Micah doesn't want to go anywhere or see anyone; he is very self-conscious of his face and does not want to look at himself.  But I see the healing taking place and I know he is getting better every day.

Tonight I wanted to get the boys out of the house after being cooped up for 3 days, and on the way to the beach, Jaden started screaming with delight in the backseat. I didn't know what was wrong, until he screamed, "A rainbow! A rainbow! I just saw my very first rainbow!!"  I pulled over and turned around to see huge smiles on both boy's faces.  Kids know how to be thankful and find joy in the simple things... a lesson we can all learn.


We arrived at the beach and Jaden got out of the car with me.  Raindrops started falling, and he looked up and said, "I LOVE the rain!"  Again, the little things...

We were then embraced by one of the most beautiful sunsets I have ever seen! 

A friend posted this on Facebook of tonight's sunset
One of the greatest lessons we can learn in life is how to find joy through pain - instead of whining, finding things to thank God for. I don't have it down yet; it is still a struggle, but my children teach me these things. And for that, I am thankful.

Saturday, July 14, 2012

Adoption Auction!!

Just a quick note to ask everyone to stop by my friend's Adoption Auction, being held this week only! There are some GREAT items listed (including 2 of my friends available for dates) :) Most items are for pick up in Orange County, CA - but there are a few items that can be shipped.  Check it out!!  http://www.schwartzadoptionauction.blogspot.com

Monday, July 9, 2012

A Glimpse of Heaven

Sometimes in life, and in blogging, there is so much going on, that to stop and actually process it seems like another task and it can be overwhelming.  In the past month we have had a vacation, my sister's bridal shower, her bachelorette weekend, her wedding, and so many fun things in between that I could write for weeks! 

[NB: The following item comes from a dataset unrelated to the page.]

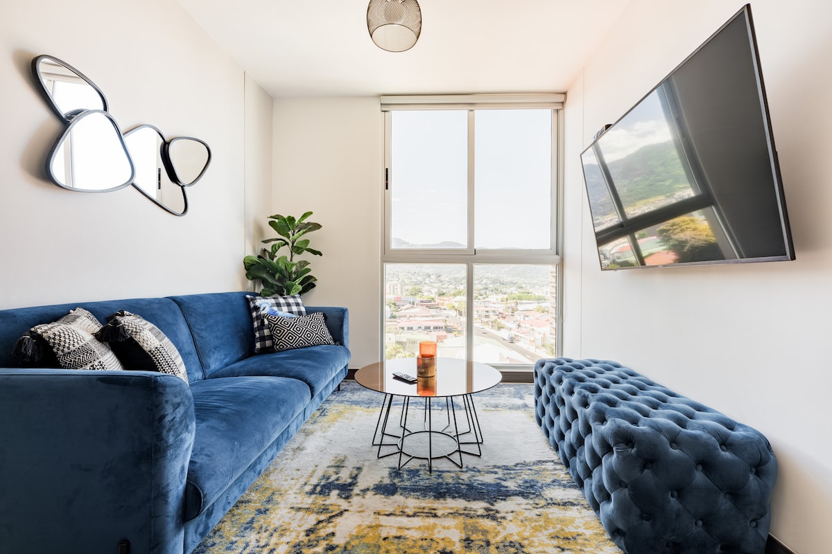 Luxury apartment with A/C, cozy, and perfectly located in the heart of the city. This fully equipped space, with modern and elegant decoration, offers you the freedom to live safely and comfortably while exploring everything the city has to offer. Close to tourist attractions, banks, supermarkets, and restaurants. (The condominium has 8 restaurants within the facilities) The International Airport (SJO) is 20 minutes away, La Sabana Park and the new National Stadium are 3 min away in San Jose.

Today I was reminiscing about all the activity, and how we've been on a "high" from one activity to the next, flitting and fleeting to and fro, and all of the fun therein. Yet at some point the activity just stops and life becomes quiet again.  Today I felt that low, commonly felt after a fun-filled experience, where you realize nothing exciting is coming for awhile, and you start to wonder "what now?" The peace, the stillness, is welcome, but it is also deafeningly silent after all the noise.

So we return to the norm - to life, to tasks, to dishes in the sink and laundry that needs to be folded, to kids that get cranky and meals that need to be prepared. 

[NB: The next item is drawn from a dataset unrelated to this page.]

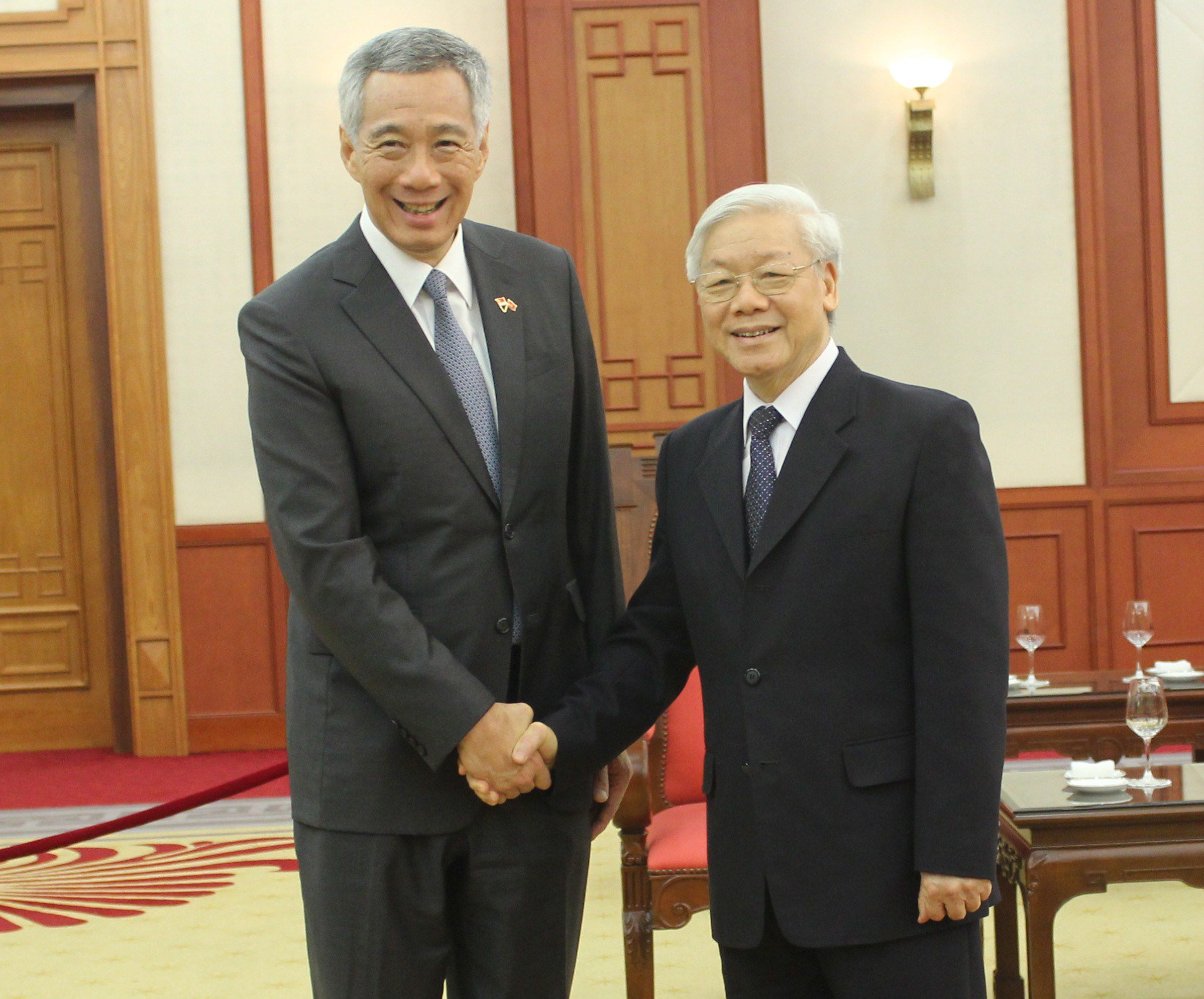 Tổng Bí thư Nguyễn Phú Trọng tiếp Thủ tướng Singapore Lý Hiển Long thăm chính thức Việt Nam tháng 3/2017.

And yet I realized that all of those fun moments, filled with family, friends, and laughter, of being together and making special memories, are just a taste of what is to come.  As I drove to the grocery market today to refill my empty refrigerator, I missed those people who became a part of my life these past few weeks. People I barely knew became close friends as we worked, sweated and united together to pull off an amazing event. 

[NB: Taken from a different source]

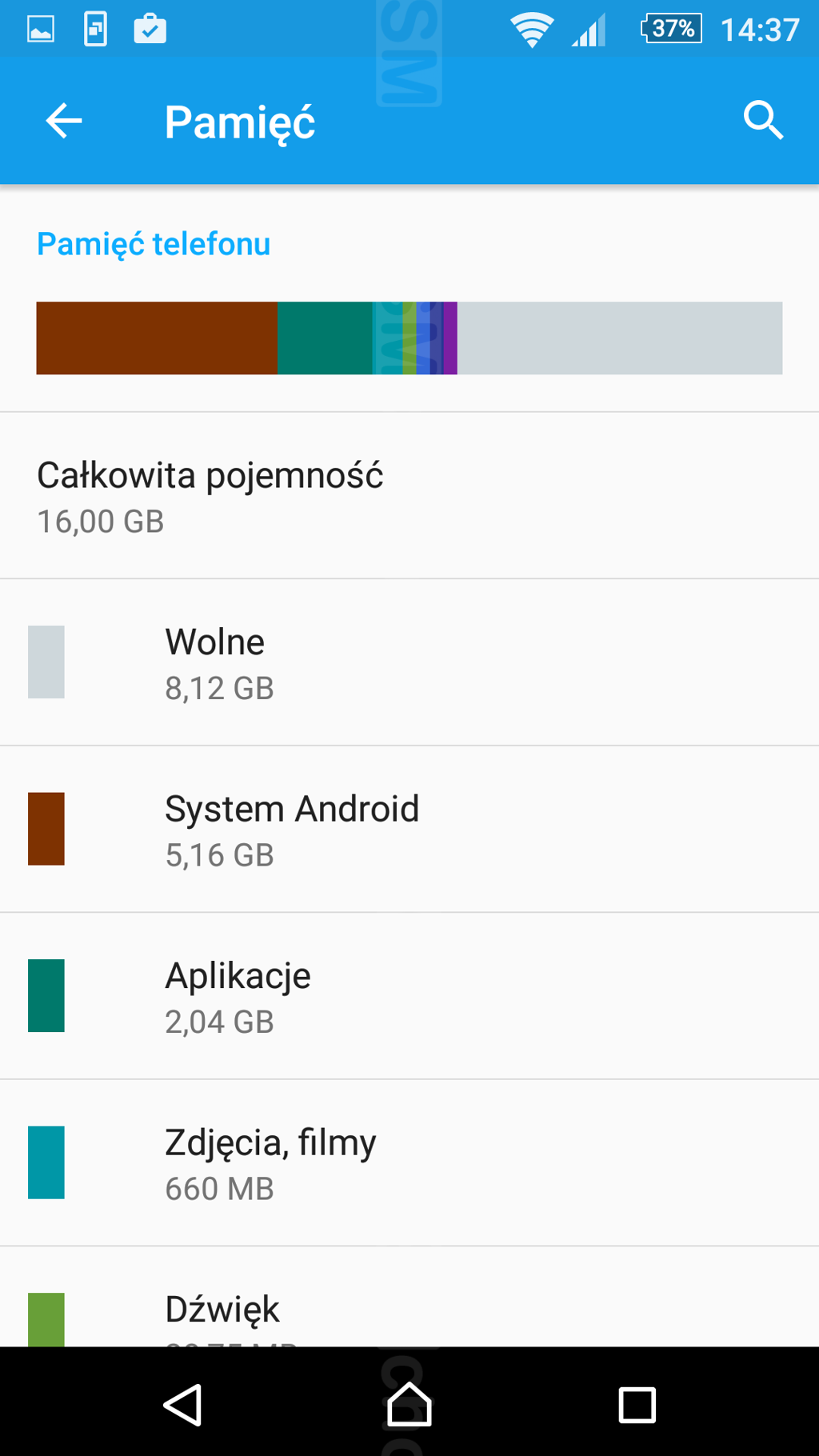 Sony zawsze wiele miejsca w pamięci zaśmiecało nadmiarem autorskich, preinstalowanych aplikacji. Tak też jest w przypadku modelu Xperia M5. Z 16 GB wbudowanej pamięci, świeżo po zresetowaniu smartfonu do ustawień fabrycznych, dla użytkownika pozostaje zaledwie połowa. I niestety niewiele z nich będzie możliwych do odinstalowania. Nie pozbędziemy się na przykład AR Effects, Lounge, What's New, Smart Connect czy Movie Creator. Nie ma co opisywać poszczególnych aplikacji - zestaw jest podobny w każdej Xperii.

A picture came to mind- about 15 minutes before my sister got married on Saturday, she shouted "Let's have a dance party!"  One girl got out her ipod and blasted fun music while all the girls jumped and giggled and danced for 10 minutes.  They "got all their sillies out" as the children's song says, and I stood back and took it all in.  Is this a taste of heaven, or what?






A bride, who had every good reason to be stressed out and in tears, broke out in dance with her best friends, because she realized that it was a day of joy.  I'm so proud of my sister! 

So what does this have to do with all the hustle and bustle of life, and going back to the everyday mundane?

It is moments like this that remind us while not every moment in life is worthy of dancing, hold onto those moments that are, because they are a small taste of what is to come.... This is not our home, remember?  All of these moments are glimpses of eternity with Him in heaven, rejoicing, dancing, praising, surrounded by those who love us.  If this is just a glimpse, imagine how great that day will be!

That alone should give us reason to push through the days of nothingness, because each of those hold special moments too.  Although we may not have a fun activity coming up for weeks, we have something even greater to look forward to.  All of these in-between moments of joy are just a glimpse of heaven.